PROBLEM DESCRIPTION = Starting at the first line of the data, print every line up to and including the one with "氏並びにファン・クラブ「Strawberry Fields Forever」の特集記事が掲載された。", but no pictures.

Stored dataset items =
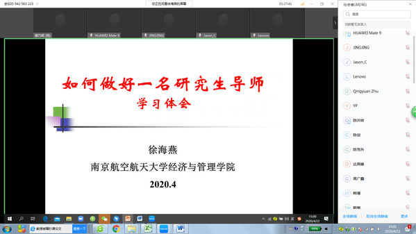 4月22日下午,经济与管理学院举办了题为“如何做好一名研究生导师”的主题讲座。为了响应学校立德树人的育人目标,养成和谐健康的导学关系,本次讲座特意邀请两位校“五好导师团队”获得者,学院特聘教授、全国优秀教师刘思峰教授及学院教授委员会主席徐海燕老师分别就研究生导师责任和导学关系建设进行分享,讲座由学院分管研究生教学副院长谢乃明主持,共40多位教师参与了线上讲座。
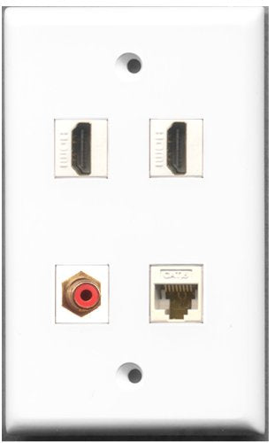 RiteAV - 2 Port HDMI 1 Port RCA Red 1 Port Cat6 Ethernet White Wall Plate
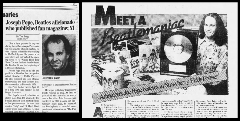 ←写真 左は1999年6月3日付のボストン・グローブ紙、Pope氏の訃報を伝えた。右は1979年3月15日付の同紙、Joe Pope 氏並びにファン・クラブ「Strawberry Fields Forever」の特集記事が掲載された。
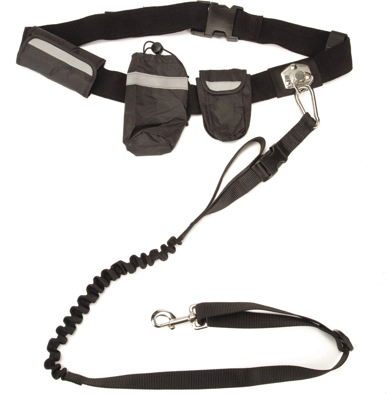 De gordel dient te worden bevestigd om je middel en is voorzien van twee opbergtasjes om bijvoorbeeld koekjes in te doen. De elastische heupriem en looplijn zorgen ervoor dat plotselinge rukbewegingen van de hond worden opgevangen. Bovendien heeft de bevestigingshaak een draaimechaniek waardoor een gedraaide looplijn wordt voorkomen.
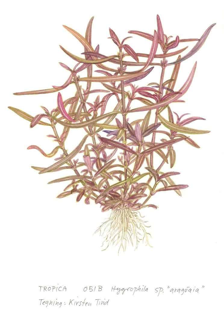 Hygrophila sp. „Araguaia“ wächst in dicht bewachsenen Gruppen und erreicht rasch eine dichte Pflanzendecke. Die Pflanze bildet sowohl untergetauchte als auch teils emersive Blätter, was beim Aquascaping vielseitige Gestaltungsmöglichkeiten bietet. Ihr schnelles Wachstum unterstützt die Reduzierung von Nährstoffkonzentrationen im Wasser. Dabei fungiert sie als natürlicher Filter und trägt zum ökologischen Gleichgewicht bei. Die robusten Stängel und das verzweigte Wurzelwerk fördern auch das Einwachsen kleiner Mitbewerber, was besonders in naturnahen Aquarien geschätzt wird.

RESPONSE TO THIS TASK =
 4月22日下午,经济与管理学院举办了题为“如何做好一名研究生导师”的主题讲座。为了响应学校立德树人的育人目标,养成和谐健康的导学关系,本次讲座特意邀请两位校“五好导师团队”获得者,学院特聘教授、全国优秀教师刘思峰教授及学院教授委员会主席徐海燕老师分别就研究生导师责任和导学关系建设进行分享,讲座由学院分管研究生教学副院长谢乃明主持,共40多位教师参与了线上讲座。
 RiteAV - 2 Port HDMI 1 Port RCA Red 1 Port Cat6 Ethernet White Wall Plate
 ←写真 左は1999年6月3日付のボストン・グローブ紙、Pope氏の訃報を伝えた。右は1979年3月15日付の同紙、Joe Pope 氏並びにファン・クラブ「Strawberry Fields Forever」の特集記事が掲載された。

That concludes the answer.